I got into RC quadcopter flying this semester as a 10 minute distraction from the constant stress I was under… it was a lot of fun and although I didn’t really have the time to invest in it… It kept me distracted so I kind of needed it. – For Fall break I traveled to Texas with our touring drama group I produce and that was even more stressful, so I didn’t really get a break there. The rest of the semester was work, school, death and taxes and all that jazz. At the end of the day though, I finished strong and actually ended up raising my GPA a little, and maintained honors. I also pulled off the first semester of the SNL type show, but not without it’s hitches… but we survived. The things I’m learning about leading a group / organization though… It’s been incredibly educational. Still though…. 40 hours a week between 3 jobs, 2 separate groups I’m a part of, one which I’m producing and 1 I’m actually leading, plus 14 credits, a writing class…. it was draining on my health. – The scary part? Next semester I have the same thing except that I have 18 credits: 2 writing classes, 2 history classes, economics… I’m really trying to graduate in May so these are my final classes. I just don’t know if I can pull all that off when the class work will be so much harder than this past semester and I barely survived this and I haven’t even recovered going into next semester…. – On the upside, I learned quite a bit about delegation so I have the SNL show split up quite a bit so I won’t be putting quite so much into that.

Oh also, apparently this Obamacare thing is screwing me over. I make $1500 a month right now and that’s what we live on. It’s barely enough to get us by. – Well because of “The Affordable Care Act”, The university had to set generalized rules for all student workers. Because they want students to be able to work 40 hours a week over the summer, they set a 24 hour a week limit on all students during the school year starting January 1. That comes out to about a $600 a month hit for me! I can NOT afford that so that has been a shit ton of added stress to next semester. There’s ways around it (since I won’t be working past May and could thus work 40 hours a week between now and May and still be under a 30 hour average from January-September which is how the law is worded), so I have to deal with that and see if I can’t get a committee to give me funding since I want to work but can’t. That may be the only way we survive this semester financially. 

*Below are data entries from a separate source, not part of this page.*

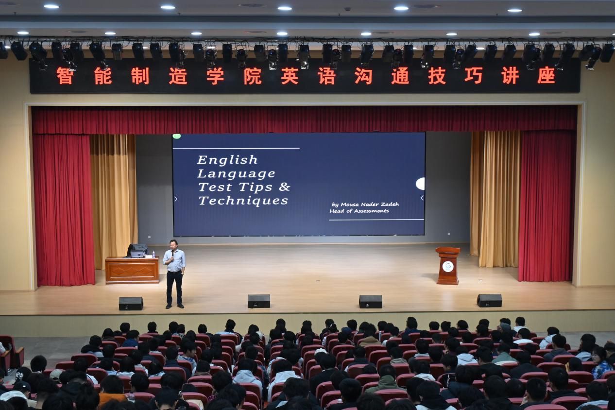 11月24日,青岛港湾职业技术学院智能制造学院在学术报告厅举办英语沟通技巧讲座。英国诺森比亚大学语言考试中心主任穆萨·纳德尔·扎德(Mousa Nader Zadeh)担任主讲人,张圣杰老师主持讲座,500余名学院师生共同参与。本次讲座旨在助力学生提升英语沟通能力、拓宽国际学术视野,为有志于英语学习的学生搭建学习交流的优质平台。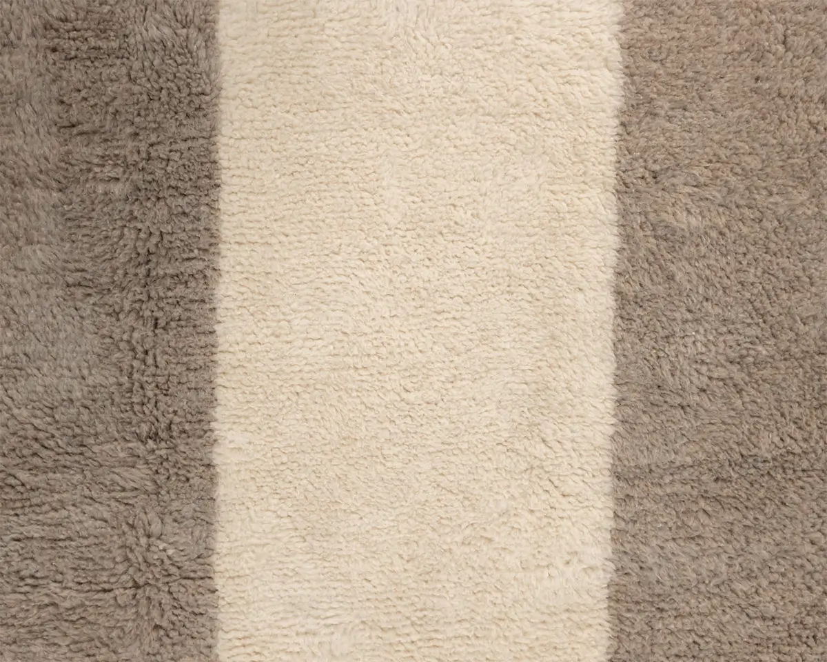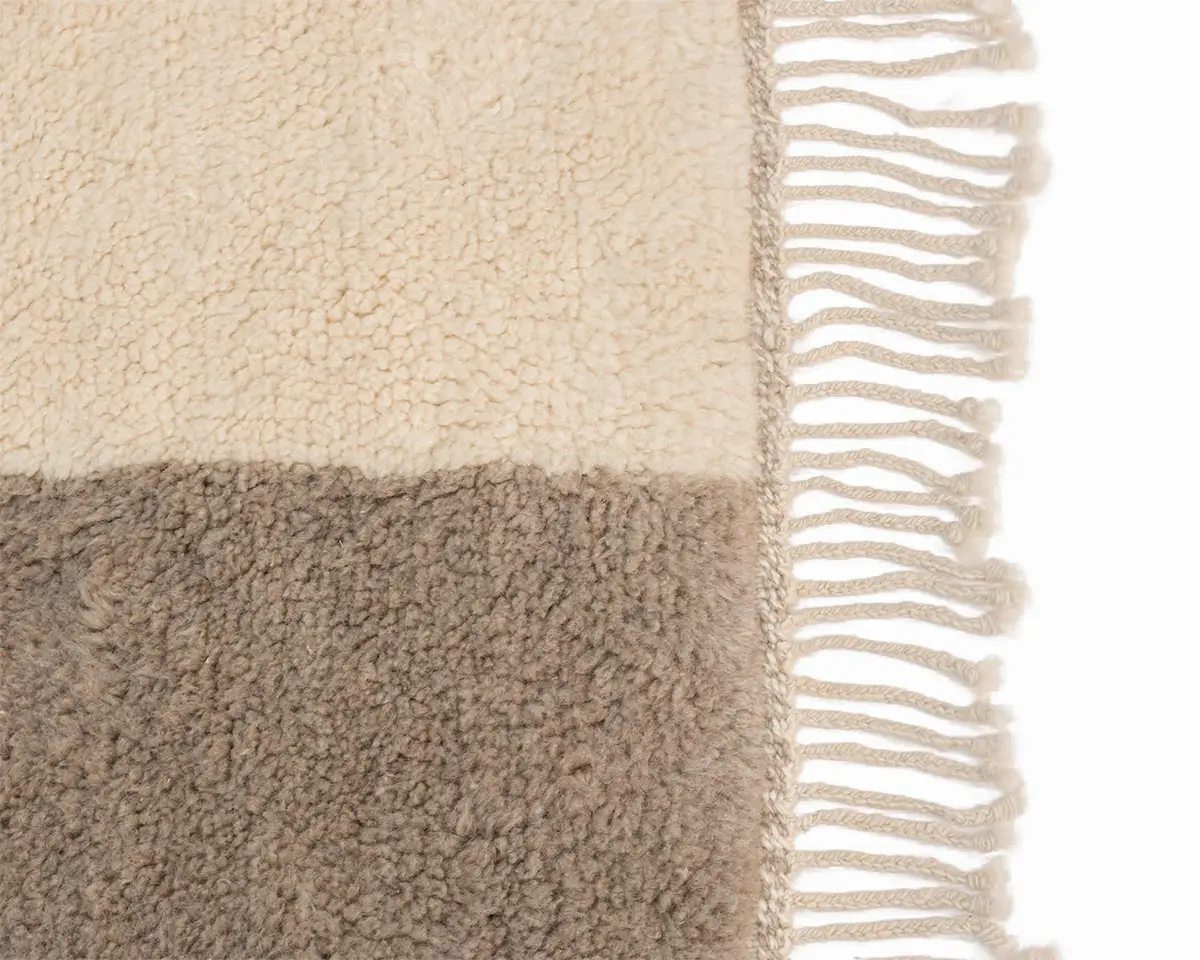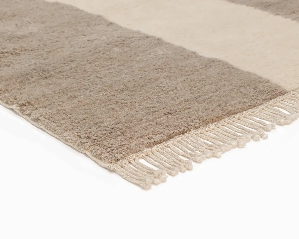 Sophisticated, Hand-knotted wool rug in muted Taupe with contrasting Ivory geometric accents, creating a minimalist yet impactful design for a serene and stylish space.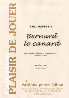 Le fichier PDF de l'oeuvre "Bernard le canard", pour saxhorn basse / euphonium / tuba et piano, comprend : 1 page de garde, le conducteur saxhorn basse-piano (5 pages), la partie de saxhorn basse-euphonium sib clé de fa seul (1 page), la partie de saxhorn basse-euphonium sib clé de sol seul (1 page), et la partie de tuba ut seul (1 page). Soit 9 pages au total. Le poids du fichier PDF est : 196 Ko.

All in all, looking back at 2013, I don’t remember much of it. I had two INCREDIBLY hard semesters, and a short summer in the middle. I have myself so jacked up on work and stress that 2013 was a blur for me… and the first half of this year isn’t looking much better. This coming semester will be the hardest semester of my life… no doubt, hands down… but I think I can survive it… and when I graduate I’ll be on to employment and 1 job with just 1 set of responsibilities… and after 4 years of 3-5 jobs… I need just one. 

It’ll be a good year in that I have the chance to get things on track. I’m going cheeseless for the next 60 days, trying to stay a little healthier. I’m required to take one more class so I have a workout class two days a week so that’ll help a bit, and lastly I am trying Body by Vi shakes so those might even make a difference. Who knows? – At the end of the year though, I hope to look back happier with the year than I was with 2013. – It’s not that 2013 was a bad year, because it wasn’t. It was a good year, I just don’t remember much of it because I’m literally that stressed. I will NOT go through my life like this… so hopefully I can slow down a little in 2014.

On the upside, the best man in my wedding decided he wanted to propose to the girl of his dreams last night, I learned about it yesterday afternoon. – He’s been with this girl off and on for years, and we all knew it was right. – Anyway, one of the other guys in my wedding and I pulled together about $200 worth of fireworks, took them up to a snowy field place, and did a firework show. At midnight, we did one finale box and then he asked while we set off a ton of other fireworks for a few minutes and did confetti around them for new years. Honestly, it was a really awesome proposal and I’m really happy for them.

So yeah, that’s my 2013 summary, and my look forward to 2014. Pray I can survive this… because the light at the end of the tunnel is almost in sight… I just need to make it there ALIVE. – I’ll be sure to write again over spring break, although I doubt I’ll have time to write before then. I wish I had more time to keep up with this blog, but life right now isn’t allotting for that. Still though… I miss ya Tumblr… and I Will be back, if I survive.